MaltaToday’s front-page story last Sunday revealed that the Maltese government had told Brussels it had no plans to introduce national screening programmes for cervical and bowel cancer. Without beating about the bush, the reason why is simple – money. Money that was spent elsewhere, is now no longer available for a life-saving intervention that should be the norm for any EU member state.
And while we’re at it, this is also the money that is instead being earmarked for fanciful projects that only politicians seem to be raving about.
One shudders at the state of affairs that plagues our health system. Upon being appointed as social policy and health minister, John Dalli – a former finance minister – instantly pounced upon the troubles that beset the system. One of his first pronouncements concerned the financing of this behemoth. He said that a health fund – long pledged in earlier budgets – would be created to solely finance the health system. Malta is still lacking a health fund, as money from National Insurance payments finances both the entire social security system, and health.
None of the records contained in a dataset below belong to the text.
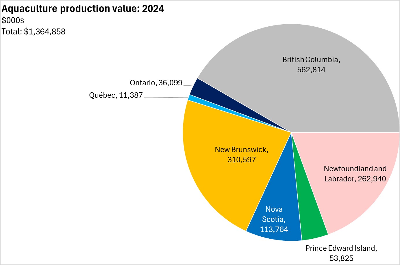 December 01, 2025AQUACULTURE, 2024 Canada's aquaculture industry produced 160,318 tonnes of finfish and shellfish products in 2024 (including restocking), with a value of $1.36 billion.
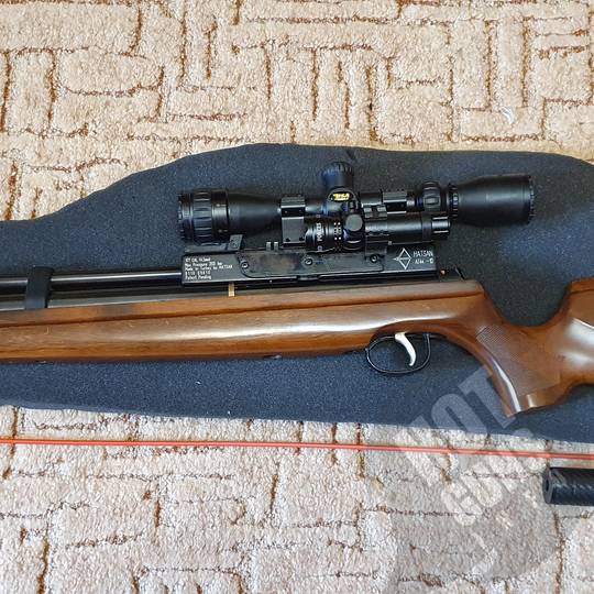 Пневматическая многозарядная винтовка. Начальная скорость пули составляет 325 м/c. Оборудована оптическим и лазерным прицельными приспособлениями. В комплекте: насос ВД, шомпол, глушитель и чехол. Возможен торг, в разумных пределах.
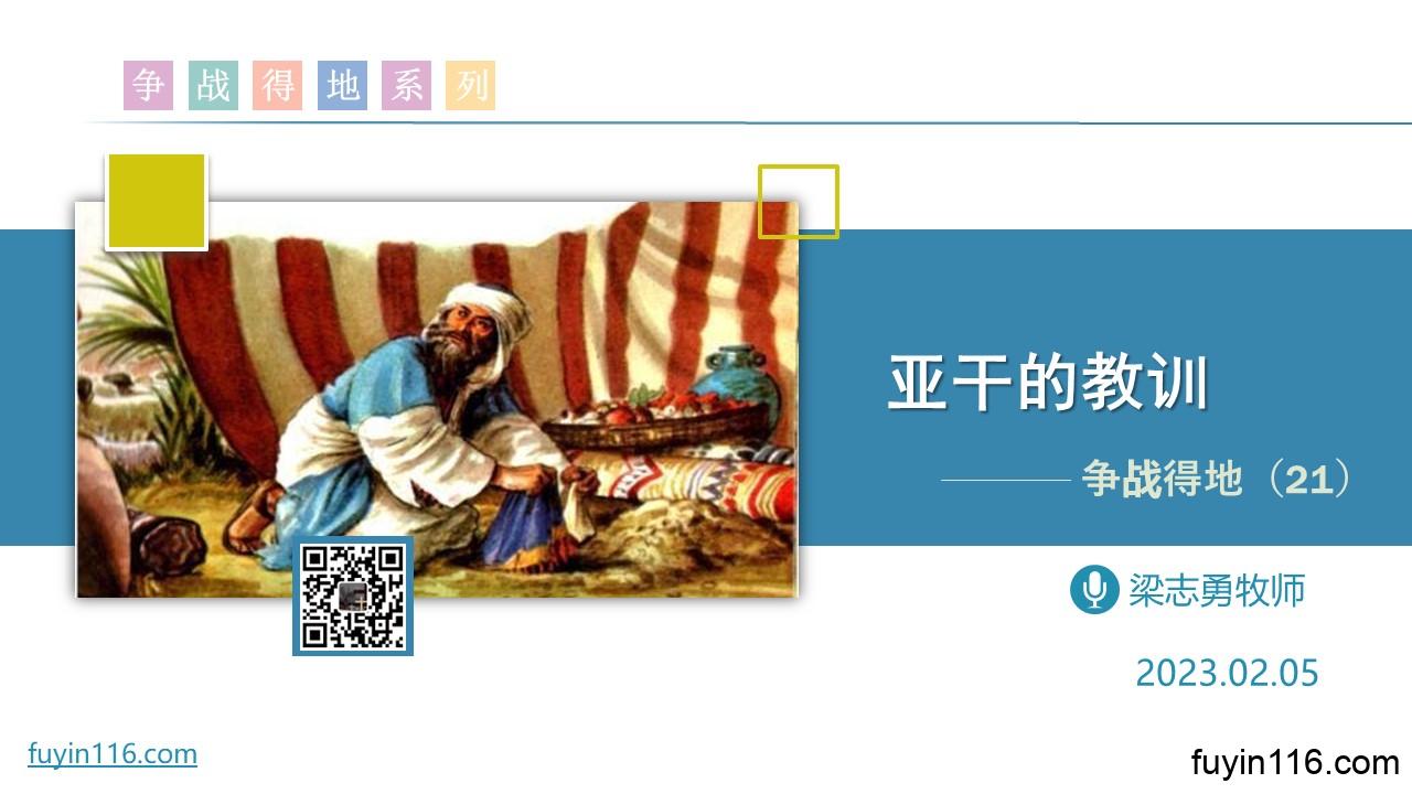 在2月12日,我们继续《争战得地》系列的分享,第21讲: 《亚干的教训》 让我们一起探讨: 《圣经》为何把亚干的故事记载下来,上帝的深意是什么? 我们到底该如何看待亚干的犯罪? 在亚干身上,我们得到哪些重要的教训? 愿上帝的祝福借着祂的真道,更多地临到每一个认真聆听的灵魂。 欢迎您跟着我们的文章的提示,收听我们的录音: 《亚干的教训》 您也可以点击下面的链接,重温之前的信息: 《争战得地》系列 《正月初一日》 《新天新地、新圣城》 《圣诞专题:平安何处来?》 点击音频媒体前面的小三角“►”就可以播放 …
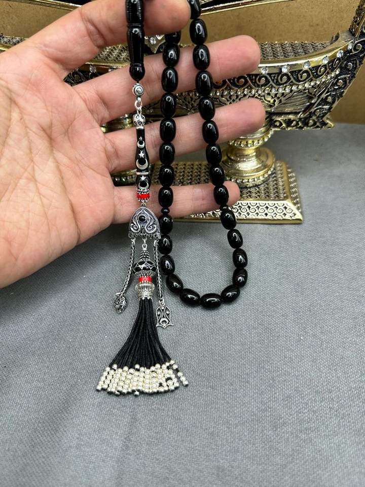 ลูกประคำเรซิ่นขัดเงา มิสบาฮ์ 33 เม็ด รุ่นสำหรับผู้ชายมุสลิม สายประคำมาสต์กาน ของขวัญอิสลามสำหรับวันอีด ทำด้วยมือ กันน้ำ ทัสบีฮ์ เตสบีฮ์

But the bulk of these payments still goes to the country’s burgeoning pension bill.
Tied to this issue is the question of who deserves to make use of the wide array of services our health system offers, and whether the services themselves that are given gratis are too much. On this, Dalli had in fact slammed the practice of private insurance firms compensating patients who take up a bed at Mater Dei Hospital instead of claiming the same service in a private hospital, calling it “daylight robbery”. It is of course time to ask ourselves whether the practice of means-testing can help us achieve a more just and socially equitable apportionment of our free health service, especially when it comes to treatments that could easily be catered for by private hospitals such as minor surgical interventions, amongst others.
But to get to this stage, politicians have to bite the bullet in the interest of future generations. This is indeed the worrisome nature of Maltese politics and the controversy surrounding the financing of the health system.
As prime minister, Alfred Sant had introduced the much demonised 50c charge on prescriptions for government medicines – a practice that was ultimately designed to discourage frivolous consumption of free medicines. Sant’s measure had a particular direction. But it was one that fell foul of the malaise that grips Maltese politics. Despite his brave rhetoric, Dalli himself recently excluded imposing any fees or charges on public health services, an issue which dominated the last week of the electoral campaign after Labour revealed a Ministry of Health report that carried the Cabinet’s agreement in principle with health fees.
Prime Minister Lawrence Gonzi reacted back then saying he would resign if his government introduces any health costs. But here lies the pertinent question: why is the costing and charging of certain health services still considered taboo in Malta?
This newspaper cannot agree with the political direction of the Prime Minister on this matter.
It is high time that we take a serious look at the state of our health system, after millions were poured in the construction of Mater Dei hospital, which today costs an estimated €120 million to run every year. The national health system must be costed and our government must embark on a radical way of ensuring the system can stay sustainable.
As the unacceptable waiting lists on minor operations such as cataracts render the whole concept of having a ‘state of the art’ hospital almost a farce, it is here that we strive to understand why Malta is not planning to have a national screening programme for cervical and bowel cancers.
This newspaper has chronicled a litany of abusive procurement contracts, some for the supply of services to Mater Dei itself, that pay witness to the incredible wastage of resources and money within the health system. Stories abound of how doctors employed with the State double up as consultants in private hospitals because the salaries in the NHS are not sufficient to keep doctors in full service of the government. Or how thousands are in receipt of free medicines when this is clearly the result of a carte-blanche attitude that can only be prevalent in a system that does not care for taxpayers’ hard earned cash.
Clearly, answers to these conundrums can only lead to the reason, mentioned earlier on, of why Malta has taken so long to set up its national breast cancer screening programme, and why it still has no plans for a cervical and bowel cancer screening programme. The cash is there, but not for interventions that save peoples’ lives.
With all their bravado in promising unlimited free health for all, politicians would do worse than to stop and look at the reasons why the inefficiency in our health spending, today, is a matter of life or death for many people.